**Required work:** In the entries that follow, find each line with the word "piece" and copy it.

**Source data:**
__________
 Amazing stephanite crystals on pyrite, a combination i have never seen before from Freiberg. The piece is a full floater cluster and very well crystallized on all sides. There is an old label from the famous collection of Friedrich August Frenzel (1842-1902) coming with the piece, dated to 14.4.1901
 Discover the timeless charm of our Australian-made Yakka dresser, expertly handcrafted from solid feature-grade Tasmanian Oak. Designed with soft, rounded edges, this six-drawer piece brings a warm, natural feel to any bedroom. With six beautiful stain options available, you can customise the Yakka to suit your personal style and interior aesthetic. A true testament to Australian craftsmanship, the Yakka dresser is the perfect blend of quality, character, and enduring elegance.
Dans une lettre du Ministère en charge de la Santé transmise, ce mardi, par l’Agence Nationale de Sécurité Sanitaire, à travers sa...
__________
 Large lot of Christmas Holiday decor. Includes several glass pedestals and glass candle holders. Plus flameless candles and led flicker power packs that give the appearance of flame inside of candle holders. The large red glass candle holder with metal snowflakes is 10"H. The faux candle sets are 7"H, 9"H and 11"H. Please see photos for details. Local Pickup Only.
__________
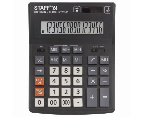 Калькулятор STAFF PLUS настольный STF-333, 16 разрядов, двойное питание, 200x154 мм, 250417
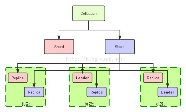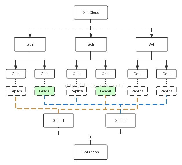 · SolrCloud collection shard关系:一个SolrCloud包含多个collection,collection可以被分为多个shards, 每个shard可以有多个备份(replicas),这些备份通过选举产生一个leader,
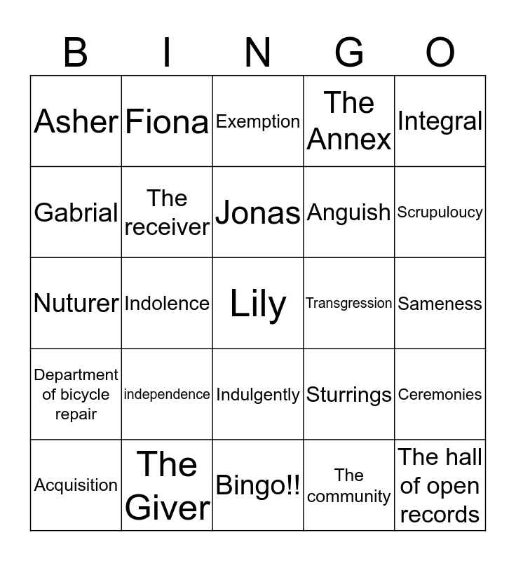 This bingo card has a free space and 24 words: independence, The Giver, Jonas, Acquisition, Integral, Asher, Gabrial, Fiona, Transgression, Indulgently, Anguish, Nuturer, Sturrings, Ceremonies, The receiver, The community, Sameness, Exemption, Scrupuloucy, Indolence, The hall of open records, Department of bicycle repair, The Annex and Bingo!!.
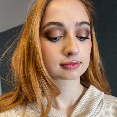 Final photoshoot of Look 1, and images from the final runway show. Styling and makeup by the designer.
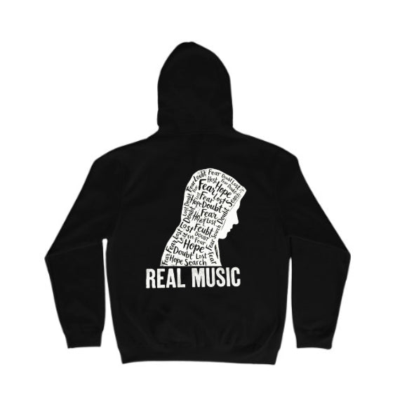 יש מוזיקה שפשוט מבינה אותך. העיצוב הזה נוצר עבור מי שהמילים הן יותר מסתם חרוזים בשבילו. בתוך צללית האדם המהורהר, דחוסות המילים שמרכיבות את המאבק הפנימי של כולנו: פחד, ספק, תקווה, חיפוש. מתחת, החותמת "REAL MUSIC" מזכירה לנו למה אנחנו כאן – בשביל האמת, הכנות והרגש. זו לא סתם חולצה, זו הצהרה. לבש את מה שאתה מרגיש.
__________
**Answer box:**
 Amazing stephanite crystals on pyrite, a combination i have never seen before from Freiberg. The piece is a full floater cluster and very well crystallized on all sides. There is an old label from the famous collection of Friedrich August Frenzel (1842-1902) coming with the piece, dated to 14.4.1901
 Discover the timeless charm of our Australian-made Yakka dresser, expertly handcrafted from solid feature-grade Tasmanian Oak. Designed with soft, rounded edges, this six-drawer piece brings a warm, natural feel to any bedroom. With six beautiful stain options available, you can customise the Yakka to suit your personal style and interior aesthetic. A true testament to Australian craftsmanship, the Yakka dresser is the perfect blend of quality, character, and enduring elegance.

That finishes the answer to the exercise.